Third, get a good book on the basics of raising beef cattle (Heather Smith Thomas has written a few good ones). It will give you a resource to look things up.

Fourth, see if there's a regional cattleman's association in your area and contact them; explain your situation and ask if anyone can give you advice, if you could attend a few meetings, etc. You'll meet people that way and establish a network of friends as well.

With every answer you get, you'll have more questions! 

Another thought -- don't get just one. Cattle are herd animals and will do much better if you have at least two. 

Hope this helps get you started.


----------



## opportunity (Mar 31, 2012)

If you just want one to feed your family you might be able to buy yearlings and just summer them on your place. I used to use 13 acres near Mountainhome Idaho to finish 2-3 steers on grass.

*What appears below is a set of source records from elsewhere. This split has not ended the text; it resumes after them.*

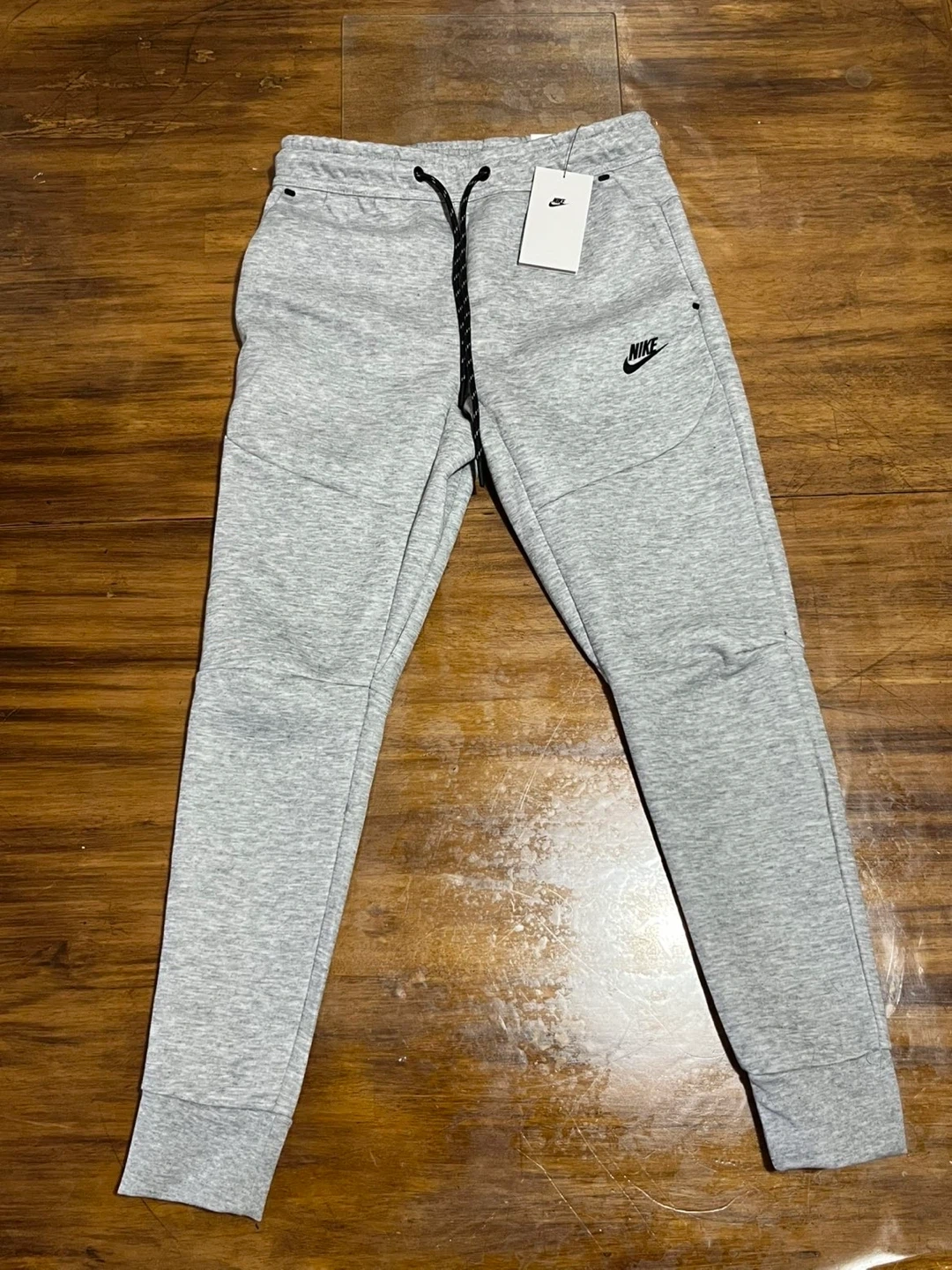 Selling a pair of Nike Tech Fleece pants in a men's size small. They're in great condition and ready for a new owner! The colour is a versatile grey that goes with everything (real)
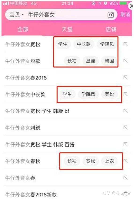 ④商城点击占比:整个淘宝网中搜索这个关键词进入天猫店的比例——C店:越低越好,猫店:越高越好
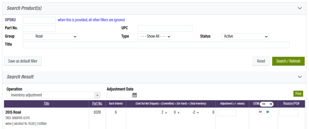 Viewing and adjusting inventory numbers is an important part of running any business. The inventory module allows you to view your product counts for a given warehouse, and also allows for adjustments.
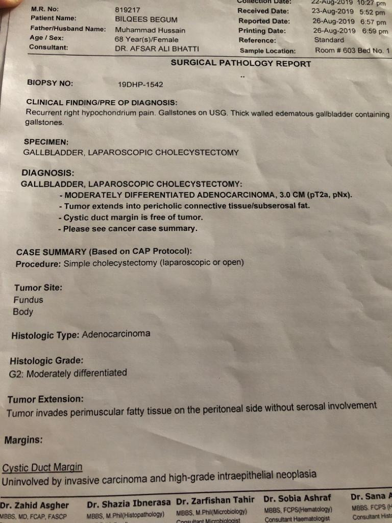 My mother recently went through Gallbladder Lap. Chole. And pathology report revealed Moderately Differentiated G2 Adenocarcinoma. Oncoligist further suggested few tests including PET CT Scan and the results are below. CA19.9------16.42 CA-125------16.9 CEA------1.49 PET SCAN findings revealed Metabolically active INTRA-thoracic lymph nodes are concerning for Metastatic disease. Hypermetabolic lymph node measures 11mm is observed in descending aorto-esopageal recess likely Metastatic. Now what should be next procedure? Is it curable. I am attaching the reports.
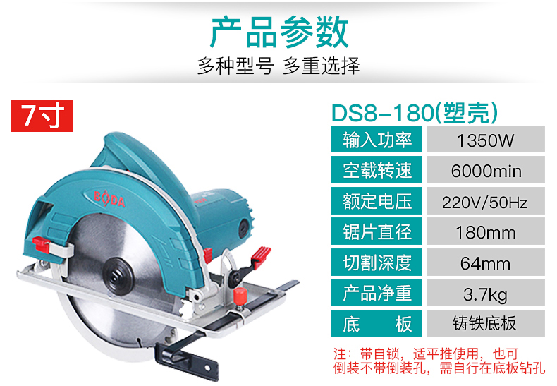 商品名称:博大 电圆锯7寸9寸10寸木工倒装锯 家用手提锯 切割机 台锯 圆盘据 DS8-180
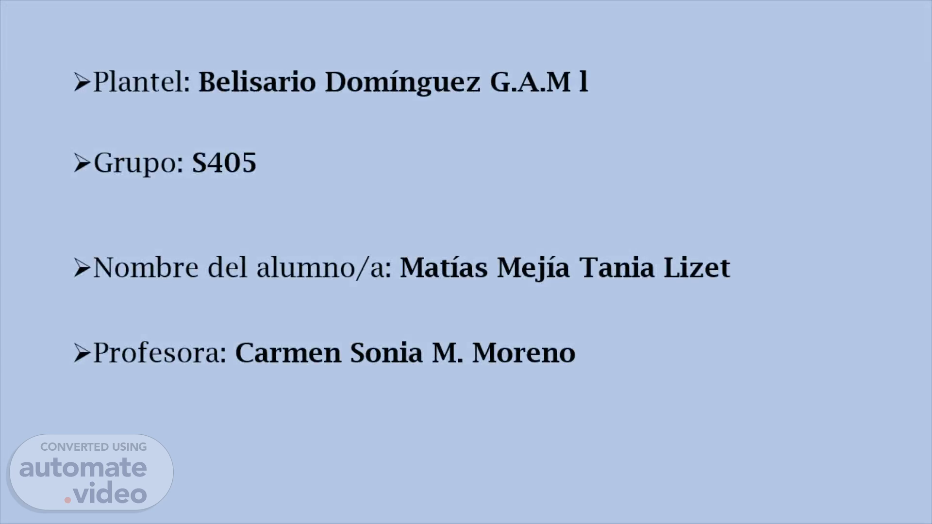 Plantel: Belisario Domínguez G.A.M l Grupo: S405 Nombre del alumno/a: Matías Mejía Tania Lizet Profesora: Carmen Sonia M. Moreno.
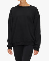 Cut from a butter-soft French terry, Eterne's oversized crewneck sweatshirt is a modern take on a vintage favorite. This classic crewneck features a loose, oversized comfortable fit with dropped shoulders and cuffs at the sleeves and waistband.

We would buy them the end of April and then butcher when the grass ran out in the fall.
You will need to make or buy hay in northern Idaho for the winter you should have enough to feed 25 pounds a day from the middle of October to May for each animal I figured about 2 tons per animal over the winter.
If you buy a single cow to raise a baby ever year remember you must winter over the baby to get it large enough to butcher so you will have more animals to feed in the winter, The other problem is how you are going to bred her AI or a bull. The other problem is not knowing what to do if she has a problem with delivery.
I now run 20-25 mama cows a year because I fell in love with those first steers and hated to kill everything for the winter.


----------



## DJ in WA (Jan 28, 2005)

Some good advice above. Starting with steers or heifers for butcher would be a good way to start and get all your fencing and facilities in order before you try the more complicated world of breeding and calving a cow. Though for me personally, having new baby calves is where the fun is.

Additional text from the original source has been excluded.